Earlier in the film, the three women left in the house had strict roles and responsibilities. Héloïse went for walks, Marianne painted, and the maid Sophie served food. However, as love develops between Héloïse and Marianne, the household leaves behind the strict norms of aristocracy and assumes a much more egalitarian space. In a striking scene filled with role reversal, the lady Héloïse cooks, the artist Marianne pours wine, and the maid Sophie cross-stitches. On the margins of patriarchy, the strict delineations of class are thrown away, and the three share responsibility and care for one another.
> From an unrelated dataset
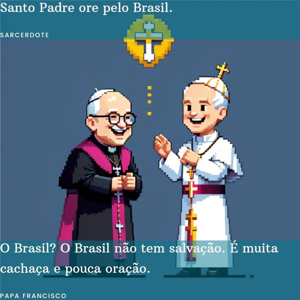Para ilustrar esse ponto, vamos ver duas imagens que criei. A primeira é uma citação do Papa Francisco. A segunda é uma conversa entre um sacerdote e o Papa Francisco, que faz uma brincadeira sobre o Brasil.

In my second year of grad school, I was on food stamps. Due to some strange fortune or clerical error, I was given $270 to shop for myself every month, well beyond what I could survive on. With so much to spend, I changed my habits. I bought food for other people: for the homeless people I worked with, for friends to celebrate an occasion. I brought nicer things to parties for everyone to enjoy.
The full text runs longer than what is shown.